19-Aug

Sometimes it may not seem like it, but your teen develops many personal habits based on your behaviors. This includes your actions behind the wheel. Being a positive “driving” role-model can ensure the safety of your teen and help you avoid costly insurance premiums from tickets and accidents.

Take a moment to think about your driving habits. Are you an aggressive driver that speeds and tailgates? Do you roll through stop signs like the word “stop” is merely a suggestion? Have you recently yelled out the window to let someone know your opinion of his or her driving? Do you routinely engage in distracted driving? 

Teens view driving as a passage into adulthood. They can’t wait to get behind the wheel. In their eagerness, they sit in the passenger seat and absorb how drivers behave. 

Lectures about safe driving could easily be met with rolled eyes and waning attention. What you do behind the wheel, however, is a major influence for your teen’s driving habits. You want to make sure you are doing everything you could to be a good example. As a result, you may be saving your teen’s life.

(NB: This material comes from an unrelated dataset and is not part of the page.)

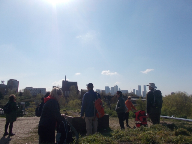 On Saturday morning we were met with glorious sunshine outside Preston Road Station. The number of walkers attending this walk was getting larger by the minute, 17 at last count. We set off at 11:15, bushy tailed and lots of conversation to be heard, and made our way to Barn Hill, which was called Bardon Hill in 1547 and was landscaped by Humphrey Repton in 1792. The hay meadows are the remnants of two manor houses originally owned by King Edward the Confessor. Heading up this hill towards the pond at the top, Michael L and I wondered how this pond was there given the water table (I used to fish there in my youth as I lived on Fryent Way). We arrived at the pond and gathered around the trig point which has excellent views of Wembley Stadium and the Shard in the distance plus the Walkie-Talkie (which reminds me of Sponge Bob square pants, don't ask). We then headed down to Fryent Way, passing a strip of land that once had a row of prefab houses (Pankaj cracked a joke about sprouts to much amusement) on it built after WW2, one of which was occupied by none other than Charlie Watts of the Rolling Stones. We crossed over Fryent Way and headed up to the viewpoint with its exceptional views (big sky). I remember that there used to be a WW2 look-out post / concrete bunker there, now filled in and levelled off. Now onwards towards the Welsh Harp. Inevitably there were a few roads to negotiate but we were rewarded with sight of the magnificent St Andrew's Church (built 1847) which was a church in search of a congregation having originally been located in central London near Oxford Street but due to a change in the demographic in that area had few patrons and was carefully dismantled and re-erected at its new site in 1934 ready for the new estates of houses being built (Metroland).

Accidents Happen–Especially to Teens

As teenage drivers learn to navigate the roadways, they often make mistakes or bad decisions. Sometimes this means another driver blaring a horn. Others mistakes can result in damage to your family car, injuries, and even death. 

According to the Florida Department of Highway Safety and Motor Vehicles, in 2017, Florida drivers ages 20 and under were involved in almost 48,000 crashes involving no injuries. In addition, almost 16,000 involved both major, minor, and possible injuries. Sadly, 177 Florida teens lost their lives while behind the wheel. 

Closer to home, in Hillsborough County, the crash rate for teens seventeen and under increased by more than 8% in 2017. Drivers under 20 accounted for over 5,000 crashes with more than 1,300 injuries.  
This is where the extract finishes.